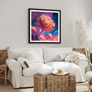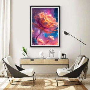 Affiche dans un cadre noir - Poster - Fleurs fantastiques dans un paysage cosmique - 70x50cm - Un autre monde - Décoration murale moderne pour le salon et la chambre ARTTOR
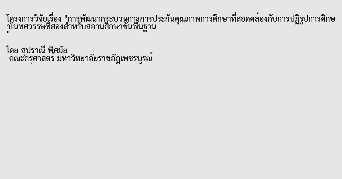 การพัฒนากระบวนการการประกันคุณภาพการศึกษาที่สอดคล้องกับการปฏิรูปการศึกษาในทศวรรษที่สองสำหรับสถานศึกษาขั้นพื้นฐาน
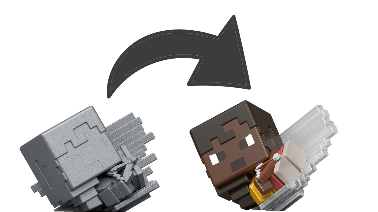 Figura are o postură dinamică și păstrează estetica pixelată distinctă Minecraft, oferind familiaritate fanilor seriei.

◆ Task statement
Restate word for word the lines above that start at the line containing "การพัฒนากระบวน" and run to the end of the listing; exclude the pictures.

◆ Solution below
 การพัฒนากระบวนการการประกันคุณภาพการศึกษาที่สอดคล้องกับการปฏิรูปการศึกษาในทศวรรษที่สองสำหรับสถานศึกษาขั้นพื้นฐาน
 Figura are o postură dinamică și păstrează estetica pixelată distinctă Minecraft, oferind familiaritate fanilor seriei.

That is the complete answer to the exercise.